▸ **Directions**
Please find all lines in the data that hold the string "székesegyház" and copy them.

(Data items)
===
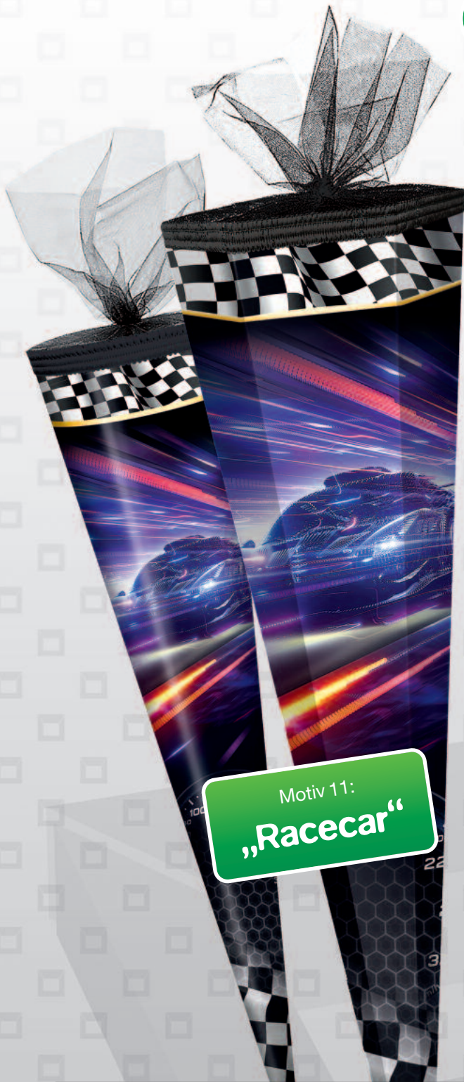
Motiv 11: „Racecar“
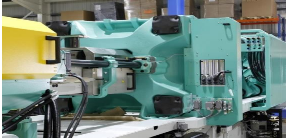
Ilustración 1 Moldeadora moderna
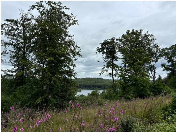
Wasserschutzzone an der Kerspitalsperre (2024)
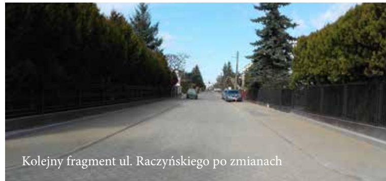
Kolejny fragment ul. Raczyńskiego po zmianach
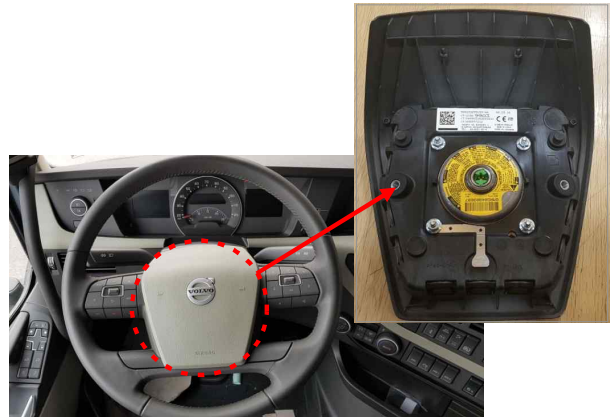
운전석 에어백 인플레이터
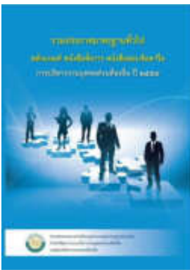
หนังสือ หลักเกณฑ์ หนังสือสั่งการ หนังสือตอบข้อหารือ การบริหารงานบุคคลส่วนท้องถิ่น ปี ๒๕๕๗
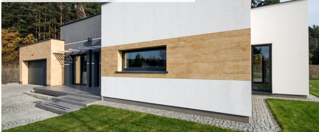
Motyw drewna można bez trudu uzyskać przy użyciu tynku modelowanego

Każdy chce, aby jego dom wyglądał jak z obrazka. Realizując marzenie o własnych czterech kątach staramy się więc, aby elewacja była niepowtarzalna i gwarantowała wyjątkowe doznania estetyczne, a zarazem tworzyła niezwykle klimat miejsca, sprzyjający wypoczynkowi na świeżym powietrzu. Poświęcamy sporo uwagi, by wybrać odpowiednie wykończenie budynku, coraz częściej poszukując odwołań do samej natury.
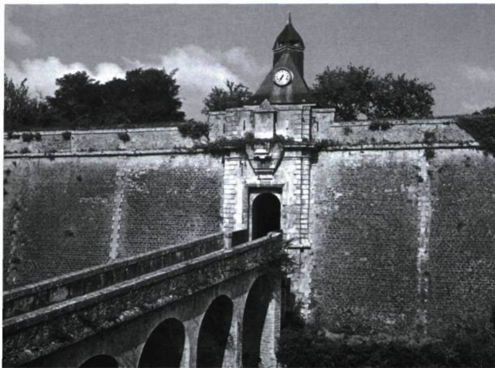
La Porte de la Citadelle de Blaye

gnies d'où proviennent ces douze hommes, d'autre part, leur nom, surnom et nom de guerre, enfin le lieu de leur naissance et leur âge, ainsi que leur taille et la date de leur entrée en service.
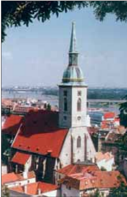
A Szent Márton székesegyház

A magyar királyokat 270 éven át itt koronázták. Erre emlékeztet a Szent Márton székesegyház 85 méter magas tornyán a 300 kg-os aranyozott korona. Pozsony ma a felvidéki magyarság központja.
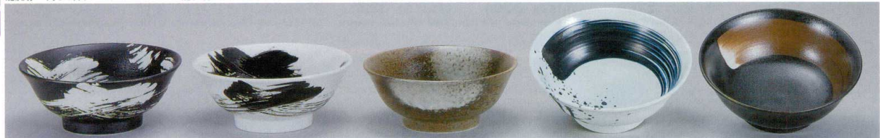
602-401-31 1,300円 黒檀(こくたん)7.0反井 (21.7×9) 560040131
===
▸ **Solution to the exercise**
A Szent Márton székesegyház
A magyar királyokat 270 éven át itt koronázták. Erre emlékeztet a Szent Márton székesegyház 85 méter magas tornyán a 300 kg-os aranyozott korona. Pozsony ma a felvidéki magyarság központja.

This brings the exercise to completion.